ここで、周速の上限はビトリファイド砥石10を回転させる機器の回転能力によって設定されるが、概ね200m/秒である。
なお、上記した実施の形態では、鋳鉄製ワークとしてカムシャフトを例示したが、特にこれに限定されるものではなく、鋳鉄からなるワークであればよいことはいうまでもない。また、鋳鉄もFCDに特に限定されるものではない。
さらに、本発明に係るビトリファイド砥石10は、鋳鉄製ワークのみならず、その他の材質のワークに研削加工を施す際にも使用することができる。
本実施の形態に係るビトリファイド砥石の要部拡大説明図である。 カムシャフトの面粗さと、超砥粒の集中度及びガラス質結合剤の体積率との関係を示すグラフである。
符号の説明
10…ビトリファイド砥石 12…超砥粒
14…骨材 16…ガラス質結合剤
18…気孔

Claims (4)

  1. 超砥粒と、前記超砥粒同士の間に存在する骨材と、前記超砥粒と前記骨材とを結合するガラス質結合剤とを含む焼成体からなるビトリファイド砥石において、
    前記超砥粒の粒度が#60〜#140、集中度が160〜185であり、
    前記骨材は、3〜10体積%を占め、粒度が#170〜#270であるとともに最小粒子と最大粒子との粒径の差が0.014mm以内であり、
    前記ガラス質結合剤は、25〜35体積%を占めるとともに軟化点が550℃以上であることを特徴とするビトリファイド砥石。
  2. 粒度が#60〜#140且つ集中度が160〜185である超砥粒と、前記超砥粒同士の間に存在して3〜10体積%を占め、粒度が#170〜#270であるとともに最小粒子と最大粒子との粒径の差が0.014mm以内である骨材と、前記超砥粒と前記骨材とを結合し、25〜35体積%を占めるとともに軟化点が550℃以上であるガラス質結合剤とを含む焼成体からなるビトリファイド砥石の製造方法において、
    骨材の原材料を#170〜#230のA篩で分級した後、前記A篩に比して目開きが小さく且つASTM規格で隣接するB篩で分級し、前記A篩を通過し且つ前記B篩上に残留したものを骨材として選定する工程と、
    前記超砥粒、前記骨材、及び軟化点が550℃以上のガラス質結合剤を、それぞれ、ビトリファイド砥石としたときの体積%が40〜46体積%、3〜10体積%、25〜35体積%となる割合で混合して混合物とする工程と、
    前記混合物に対して800℃以上で焼成処理を施す工程と、
    を有することを特徴とするビトリファイド砥石の製造方法。
  3. 請求項2記載の製造方法において、さらに、超砥粒の原材料を#60〜#140のC篩で分級した後、#70〜#140であって且つ前記C篩に比して#数が大きいD篩で分級し、前記C篩を通過し且つ前記D篩上に残留したものを超砥粒として選定する工程を有することを特徴とするビトリファイド砥石の製造方法。
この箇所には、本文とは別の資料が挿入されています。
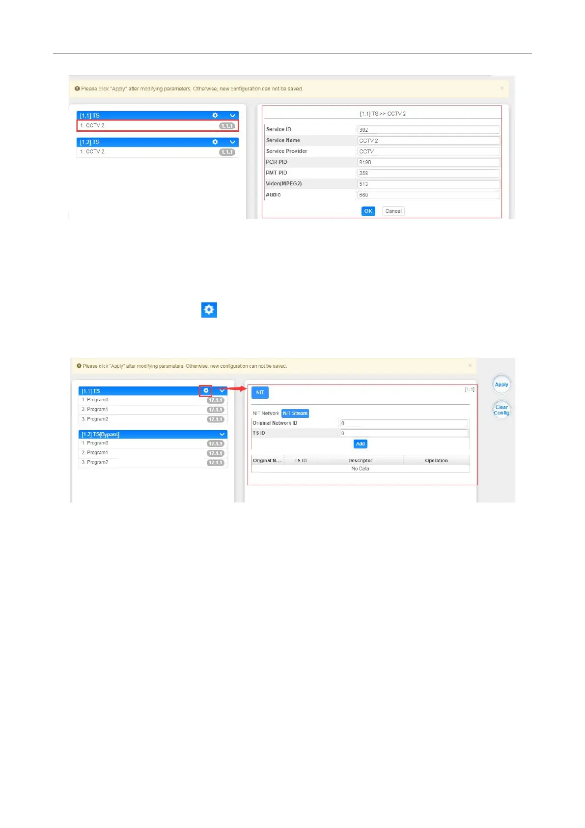 NIT setting: Click the icon to modiify NIT Network and NIT Stream.
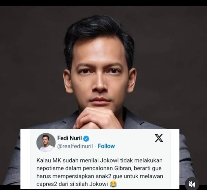 “Jika Mahkamah Konstitusi memutuskan Jokowi tidak melakukan nepotisme dengan mencalonkan diri sebagai Gibran, berarti saya harus mempersiapkan anak-anak saya untuk melawan calon presiden dari penerus Jokowi,” tulis Fedi Nuril.
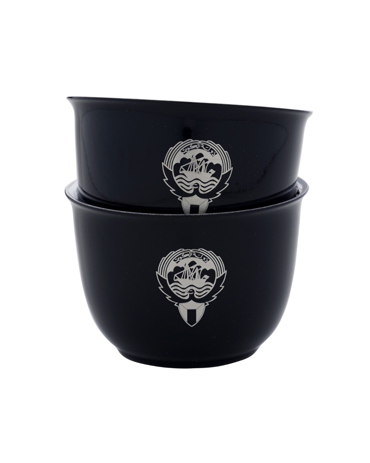مجموعة من ستة أكواب أنيقة مطلية بطبقتين معزولتين حراريًا من الفولاذ المقاوم للصدأ، محفور عليها شعار علامتنا التجارية أسفلها وشعار الكويت على جانبها. يمكن تخصيص الشعار أو الاسم على الكوب.

  4. ビトリファイド砥石を使用して鋳鉄製ワークを研削する鋳鉄製ワーク研削方法において、
    前記ビトリファイド砥石は、粒度が#60〜#140であり且つ集中度が160〜185の超砥粒と、前記超砥粒同士の間に存在して3〜10体積%を占めるとともに粒度が#170〜#270であり且つ最小粒子と最大粒子との粒径の差が0.014mm以内である骨材と、前記超砥粒と前記骨材とを結合して25〜35体積%を占めるとともに軟化点が550℃以上のガラス質結合剤とを含む焼成体からなり、
    研削能率を120〜200mm/mm・秒に設定し、
    前記ビトリファイド砥石と前記鋳鉄製ワークの周速を100m/秒以上とすることを特徴とする鋳鉄製ワーク研削方法。